2015-12-05 Thread Gaurav Patel
Got it.  Thanks for the help Erick.

On Sat, Dec 5, 2015 at 1:02 PM, Erick Erickson 
wrote:

> bq:  Should zookeeper be installed along with solr on each box or should be
>   installed in separate 2 Virtual machines by itself?
>
> Zookeeper should be installed on an odd number of machines as it requires
> a quorum which is (Number of zookeeper nodes)/2 + 1. With two ZKs,
> if either of them fail you fall below quorum so you're actually _more_
> likely to fall below quorum than with one ZK. And more generally
> more likely to fall below quorum with an even number of ZK nodes than
> odd.
>
> But your question seems odd on another level. The number of Zookeepers you
> run is entirely independent of the number of Solr nodes. You should just
> pick a
> number of Zookeepers and install them. Unless your installation is large,
> 3 Zookeepers is usually enough.
>
> Whether they go on their own VMs or not isn't as interesting as
> whether they should
> go on separate physical boxes. That way if someone pulls a plug on a whole
> physical server, then you still have a quorum, whereas if you put two ZKs
> on a
> single physical box you can lose quorum if that one machine goes down.
>
> Now, all that said, it's perfectly possible to run with just a
> _single_ zookeeper
> running on a single box that's may or may not be running Solr. The risk is
> that
> your cluster will be unable to index documents (but still maybe able to
> search)
> if that ZK becomes unavailable for any reason. I run this way all the time
> for
> development.
>
> In a small installation where all your servers are physically located
> together and you run with a single ZK node, if that ZK node regularly
> becomes
> unavailable, you have problems that adding more ZK nodes probably won't
> help
> with ;)
>
> Best,
> Erick
>
> On Sat, Dec 5, 2015 at 4:09 AM, Gaurav Patel  wrote:
> > Thanks Toke.  Your input has been informative and valuable.
> > I will go through the links you provided and will let you know what we
> end
> > up going.
> >
> > On Sat, Dec 5, 2015 at 5:02 AM, Toke Eskildsen 
> > wrote:
> >
> >> Gaurav Patel  wrote:
> >> > 3 Physical Machines with 60 cpu cores and 512 GB RAM each.
> >> > EMC Isilon Appliance with PB storage.
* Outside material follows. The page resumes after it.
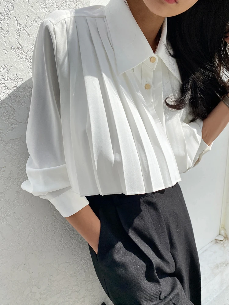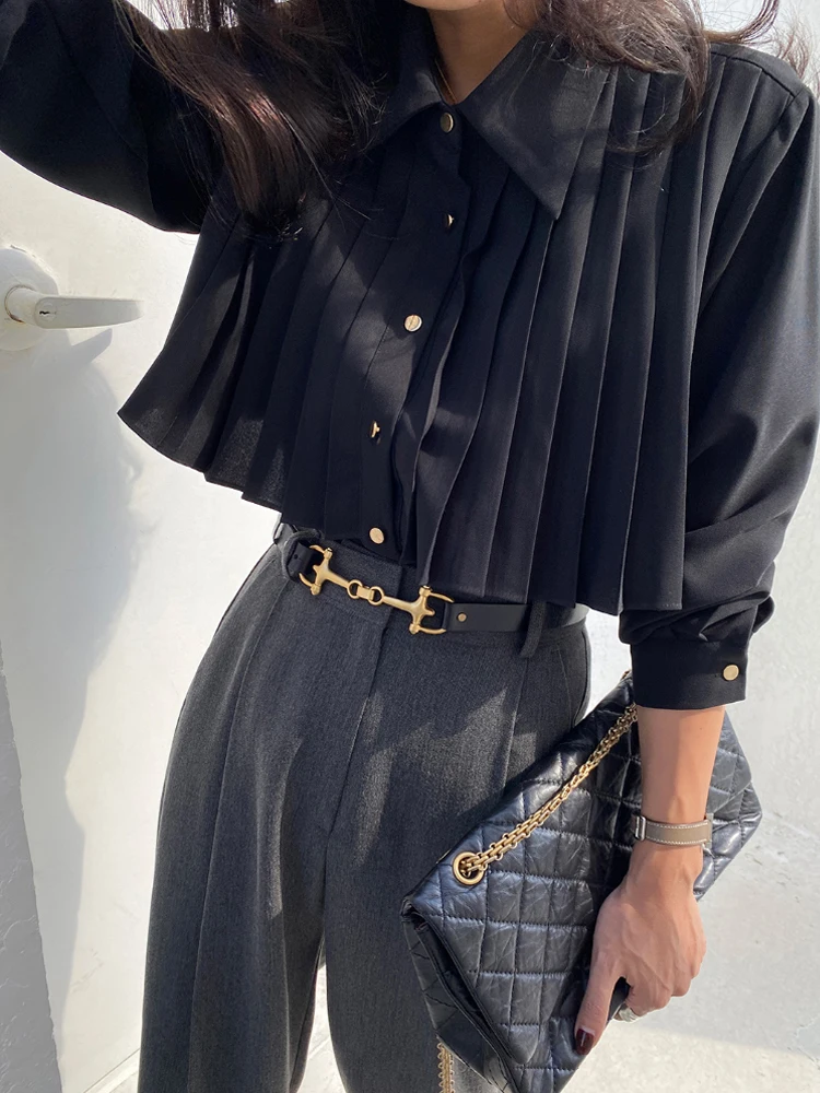 黒プリーツショートポロシャツ女性の韓国スタイル春デザインハイウエスト多用途トップ重工業ニッチポロブラウス - TopDealBox

It can be accessed via HDFS or
> NFS.
> >>
> >> We have experimented a little bit with smaller machines, backed by EMC
> >> Isilon over NFS. That worked surprisingly well, but ultimately did not
> >> scale for us as we could not justify paying for enterprise SSDs for the
> >> Isilon. There is a write-up at
> >> https://sbdevel.wordpress.com/2013/12/06/danish-webscale/
> >>
> >> > Can we use solr cloud for this setup?
> >>
> >> Yes. That is independent of the backing storage.
> >>
> >> > How many instances of SOLR are recommended per physical machines
> >> > and how much ram should be allocated to it.
> >>
> >> "That depends".
> >>
> >>
> http://lucidworks.com/blog/2012/07/23/sizing-hardware-in-the-abstract-why-we-dont-have-a-definitive-answer/
> >>
> >> The amount of RAM for JVMs should be whatever is needed. Or to put it
> >> another way: There are some explicitly configured internal caches in
> Solr,
> >> but just setting Xmx to a very high number will not help performance. On
> >> the contrary, it will lead to long garbage collecting pauses and eat
> from
> >> the precious disk cache.
> >>
> >> There are some rules of thumb for running Solr, but my own meta rule of
> >> thumbs is that their applicability goes down when scale goes up. One of
> the
> >> rules of thumb is to have 1 Solr instance per machine. But running JVMs
> >> with very large heaps (100GB+) has the potential of extremely long
> garbage
> >> collection pauses and also implies a larger memory overhead due to
> internal
> >> pointer size.
> >>
> >> > Should zookeeper be installed along with solr on each box or should be
> >> > installed in separate 2 Virtual machines by itself?
> >>
> >> I have no opinion on that.
> >>
> >> > Can we run kakfa and cassandra along with solr on each physical
> machine?
> >>
> >> Sure, but they will of course compete with Solr for resources.
> >>
> >> > Anybody running Solr with HDFS in production?
> >>
> >> It is a recurring theme on this mailing list at least. It can be
> searched
> >> at
> >> https://www.mail-archive.com/solr-user@lucene.apache.org/
> >>
> >> - Toke Eskildsen
> >>
>


Re: solr with Isilon HDFS

2015-12-05 Thread Erick Erickson
bq:  Should zookeeper be installed along with solr on each box or should be
  installed in separate 2 Virtual machines by itself?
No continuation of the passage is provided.